• INSTRUCTIONS FOR THE TASK:
This exercise requires an exact output of the listing, images omitted.

• INFORMATION SUPPLIED:

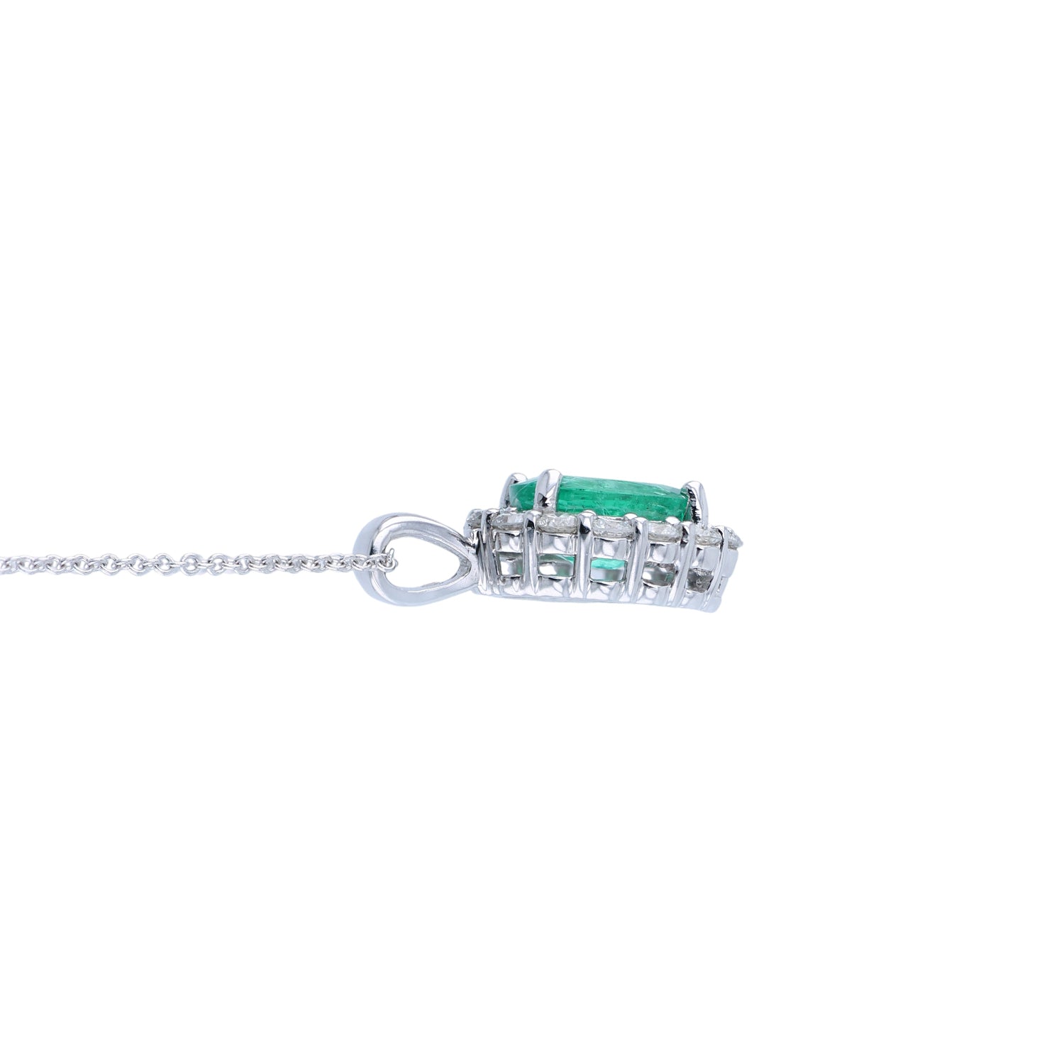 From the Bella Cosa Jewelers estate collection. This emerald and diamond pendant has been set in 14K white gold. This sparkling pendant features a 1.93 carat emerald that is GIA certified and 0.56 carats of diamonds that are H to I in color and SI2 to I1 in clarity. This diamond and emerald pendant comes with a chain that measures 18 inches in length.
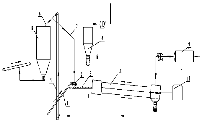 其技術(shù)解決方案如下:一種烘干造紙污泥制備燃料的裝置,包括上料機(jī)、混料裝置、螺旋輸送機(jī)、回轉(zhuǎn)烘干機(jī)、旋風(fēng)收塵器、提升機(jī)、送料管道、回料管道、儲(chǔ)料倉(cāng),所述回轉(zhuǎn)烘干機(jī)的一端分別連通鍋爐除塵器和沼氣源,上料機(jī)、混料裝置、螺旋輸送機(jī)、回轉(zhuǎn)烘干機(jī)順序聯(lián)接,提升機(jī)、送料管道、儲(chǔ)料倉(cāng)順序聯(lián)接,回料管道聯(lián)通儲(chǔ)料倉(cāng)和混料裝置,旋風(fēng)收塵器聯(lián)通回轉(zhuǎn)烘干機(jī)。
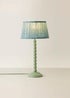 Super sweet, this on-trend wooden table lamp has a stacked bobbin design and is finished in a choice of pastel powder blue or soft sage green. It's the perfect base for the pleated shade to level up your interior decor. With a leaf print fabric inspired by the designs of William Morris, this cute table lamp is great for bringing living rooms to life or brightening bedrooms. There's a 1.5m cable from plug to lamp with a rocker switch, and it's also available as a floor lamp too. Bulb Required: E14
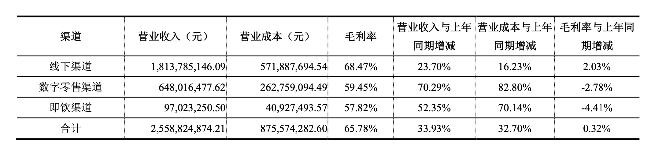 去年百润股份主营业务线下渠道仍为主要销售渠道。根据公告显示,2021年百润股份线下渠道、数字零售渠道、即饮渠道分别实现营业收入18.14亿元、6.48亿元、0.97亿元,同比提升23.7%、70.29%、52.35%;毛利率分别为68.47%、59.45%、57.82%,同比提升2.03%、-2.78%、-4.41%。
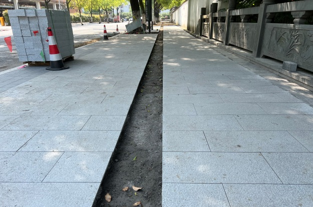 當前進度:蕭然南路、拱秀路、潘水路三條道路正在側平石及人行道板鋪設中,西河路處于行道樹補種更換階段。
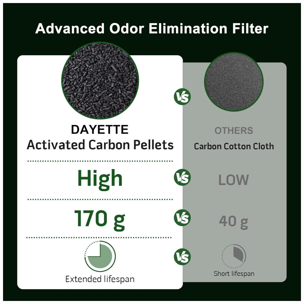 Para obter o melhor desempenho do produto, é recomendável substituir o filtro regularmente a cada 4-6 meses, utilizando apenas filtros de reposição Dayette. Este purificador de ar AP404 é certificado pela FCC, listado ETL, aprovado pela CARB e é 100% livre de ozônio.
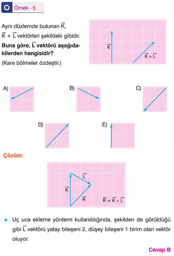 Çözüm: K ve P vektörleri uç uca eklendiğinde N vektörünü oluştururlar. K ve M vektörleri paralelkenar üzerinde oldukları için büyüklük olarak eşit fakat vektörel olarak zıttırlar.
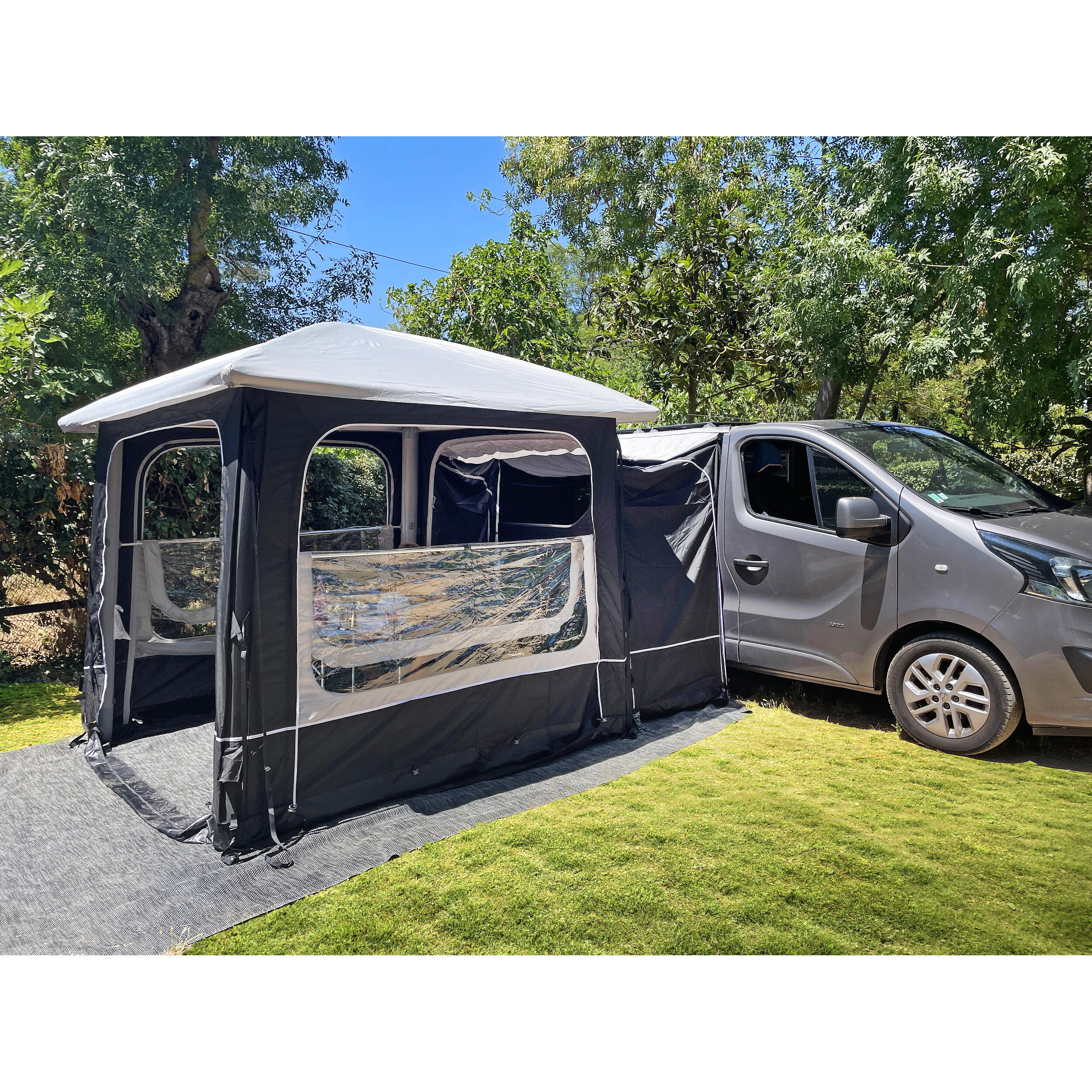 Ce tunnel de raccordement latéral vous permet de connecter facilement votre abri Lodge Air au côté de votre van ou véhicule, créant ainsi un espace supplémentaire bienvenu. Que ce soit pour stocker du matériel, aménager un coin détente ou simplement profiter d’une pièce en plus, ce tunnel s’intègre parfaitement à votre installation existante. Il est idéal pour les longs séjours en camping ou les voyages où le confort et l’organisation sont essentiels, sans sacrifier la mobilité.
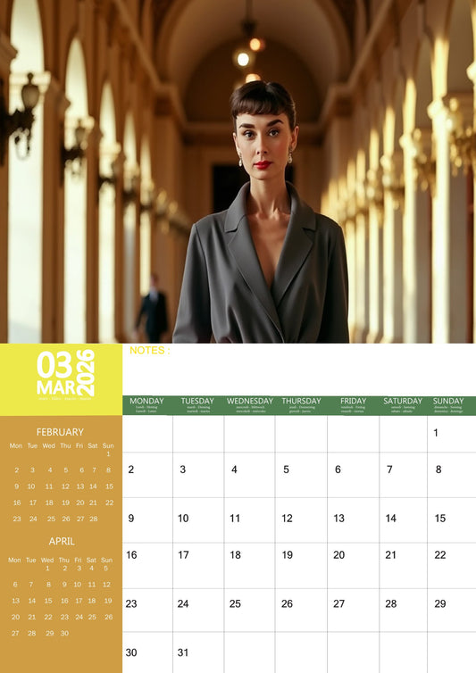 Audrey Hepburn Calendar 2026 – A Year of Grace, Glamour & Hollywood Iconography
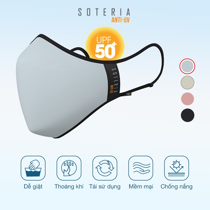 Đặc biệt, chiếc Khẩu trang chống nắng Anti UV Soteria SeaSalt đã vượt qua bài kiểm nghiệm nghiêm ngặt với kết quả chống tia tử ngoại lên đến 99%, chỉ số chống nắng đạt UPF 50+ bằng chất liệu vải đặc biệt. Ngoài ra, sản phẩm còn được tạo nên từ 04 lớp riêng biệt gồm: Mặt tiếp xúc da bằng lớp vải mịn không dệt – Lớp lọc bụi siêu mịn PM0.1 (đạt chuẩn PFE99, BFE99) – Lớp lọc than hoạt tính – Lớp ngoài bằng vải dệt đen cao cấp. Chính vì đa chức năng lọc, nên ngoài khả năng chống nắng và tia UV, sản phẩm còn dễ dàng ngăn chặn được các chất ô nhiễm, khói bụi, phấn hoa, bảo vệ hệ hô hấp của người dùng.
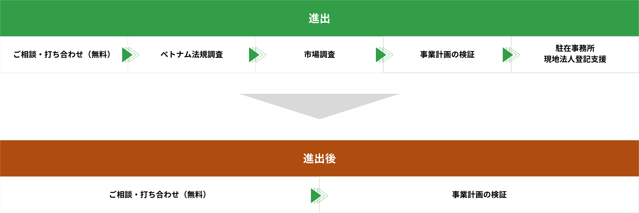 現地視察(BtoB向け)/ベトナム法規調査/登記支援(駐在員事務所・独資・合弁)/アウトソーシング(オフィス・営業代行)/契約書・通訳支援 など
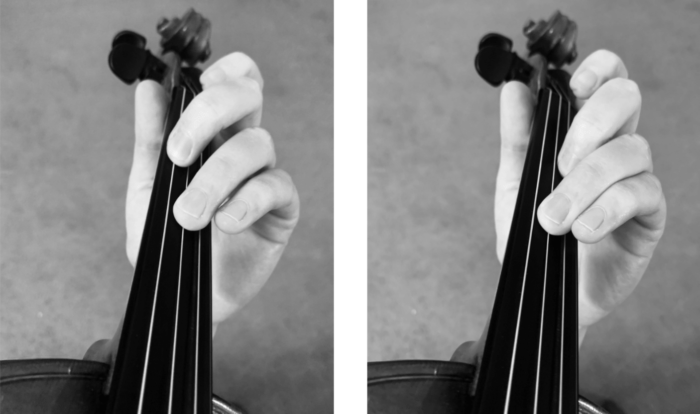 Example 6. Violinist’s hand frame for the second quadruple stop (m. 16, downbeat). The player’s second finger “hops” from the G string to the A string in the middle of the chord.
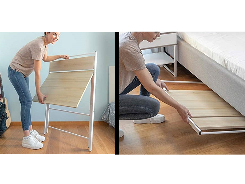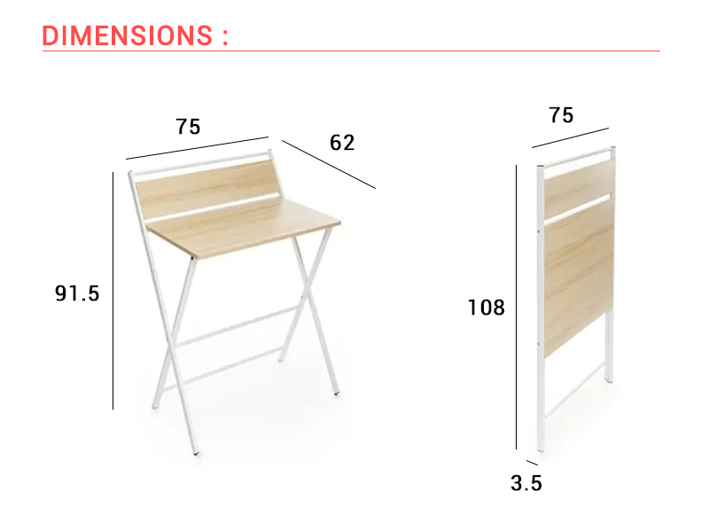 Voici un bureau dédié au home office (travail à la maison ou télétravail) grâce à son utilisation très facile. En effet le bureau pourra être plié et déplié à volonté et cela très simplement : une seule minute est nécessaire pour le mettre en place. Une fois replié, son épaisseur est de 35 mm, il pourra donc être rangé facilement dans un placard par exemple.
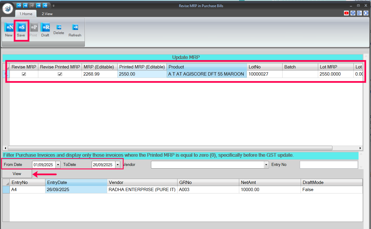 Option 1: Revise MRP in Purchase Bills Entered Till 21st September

• SOLUTION FOR THIS EXERCISE:
 From the Bella Cosa Jewelers estate collection. This emerald and diamond pendant has been set in 14K white gold. This sparkling pendant features a 1.93 carat emerald that is GIA certified and 0.56 carats of diamonds that are H to I in color and SI2 to I1 in clarity. This diamond and emerald pendant comes with a chain that measures 18 inches in length.
 其技術(shù)解決方案如下:一種烘干造紙污泥制備燃料的裝置,包括上料機(jī)、混料裝置、螺旋輸送機(jī)、回轉(zhuǎn)烘干機(jī)、旋風(fēng)收塵器、提升機(jī)、送料管道、回料管道、儲(chǔ)料倉(cāng),所述回轉(zhuǎn)烘干機(jī)的一端分別連通鍋爐除塵器和沼氣源,上料機(jī)、混料裝置、螺旋輸送機(jī)、回轉(zhuǎn)烘干機(jī)順序聯(lián)接,提升機(jī)、送料管道、儲(chǔ)料倉(cāng)順序聯(lián)接,回料管道聯(lián)通儲(chǔ)料倉(cāng)和混料裝置,旋風(fēng)收塵器聯(lián)通回轉(zhuǎn)烘干機(jī)。
 Super sweet, this on-trend wooden table lamp has a stacked bobbin design and is finished in a choice of pastel powder blue or soft sage green. It's the perfect base for the pleated shade to level up your interior decor. With a leaf print fabric inspired by the designs of William Morris, this cute table lamp is great for bringing living rooms to life or brightening bedrooms. There's a 1.5m cable from plug to lamp with a rocker switch, and it's also available as a floor lamp too. Bulb Required: E14
 去年百润股份主营业务线下渠道仍为主要销售渠道。根据公告显示,2021年百润股份线下渠道、数字零售渠道、即饮渠道分别实现营业收入18.14亿元、6.48亿元、0.97亿元,同比提升23.7%、70.29%、52.35%;毛利率分别为68.47%、59.45%、57.82%,同比提升2.03%、-2.78%、-4.41%。
 當前進度:蕭然南路、拱秀路、潘水路三條道路正在側平石及人行道板鋪設中,西河路處于行道樹補種更換階段。
 Para obter o melhor desempenho do produto, é recomendável substituir o filtro regularmente a cada 4-6 meses, utilizando apenas filtros de reposição Dayette. Este purificador de ar AP404 é certificado pela FCC, listado ETL, aprovado pela CARB e é 100% livre de ozônio.
 Çözüm: K ve P vektörleri uç uca eklendiğinde N vektörünü oluştururlar. K ve M vektörleri paralelkenar üzerinde oldukları için büyüklük olarak eşit fakat vektörel olarak zıttırlar.
 Ce tunnel de raccordement latéral vous permet de connecter facilement votre abri Lodge Air au côté de votre van ou véhicule, créant ainsi un espace supplémentaire bienvenu. Que ce soit pour stocker du matériel, aménager un coin détente ou simplement profiter d’une pièce en plus, ce tunnel s’intègre parfaitement à votre installation existante. Il est idéal pour les longs séjours en camping ou les voyages où le confort et l’organisation sont essentiels, sans sacrifier la mobilité.
 Audrey Hepburn Calendar 2026 – A Year of Grace, Glamour & Hollywood Iconography
 Đặc biệt, chiếc Khẩu trang chống nắng Anti UV Soteria SeaSalt đã vượt qua bài kiểm nghiệm nghiêm ngặt với kết quả chống tia tử ngoại lên đến 99%, chỉ số chống nắng đạt UPF 50+ bằng chất liệu vải đặc biệt. Ngoài ra, sản phẩm còn được tạo nên từ 04 lớp riêng biệt gồm: Mặt tiếp xúc da bằng lớp vải mịn không dệt – Lớp lọc bụi siêu mịn PM0.1 (đạt chuẩn PFE99, BFE99) – Lớp lọc than hoạt tính – Lớp ngoài bằng vải dệt đen cao cấp. Chính vì đa chức năng lọc, nên ngoài khả năng chống nắng và tia UV, sản phẩm còn dễ dàng ngăn chặn được các chất ô nhiễm, khói bụi, phấn hoa, bảo vệ hệ hô hấp của người dùng.
 現地視察(BtoB向け)/ベトナム法規調査/登記支援(駐在員事務所・独資・合弁)/アウトソーシング(オフィス・営業代行)/契約書・通訳支援 など
 Example 6. Violinist’s hand frame for the second quadruple stop (m. 16, downbeat). The player’s second finger “hops” from the G string to the A string in the middle of the chord.
 Voici un bureau dédié au home office (travail à la maison ou télétravail) grâce à son utilisation très facile. En effet le bureau pourra être plié et déplié à volonté et cela très simplement : une seule minute est nécessaire pour le mettre en place. Une fois replié, son épaisseur est de 35 mm, il pourra donc être rangé facilement dans un placard par exemple.
 Option 1: Revise MRP in Purchase Bills Entered Till 21st September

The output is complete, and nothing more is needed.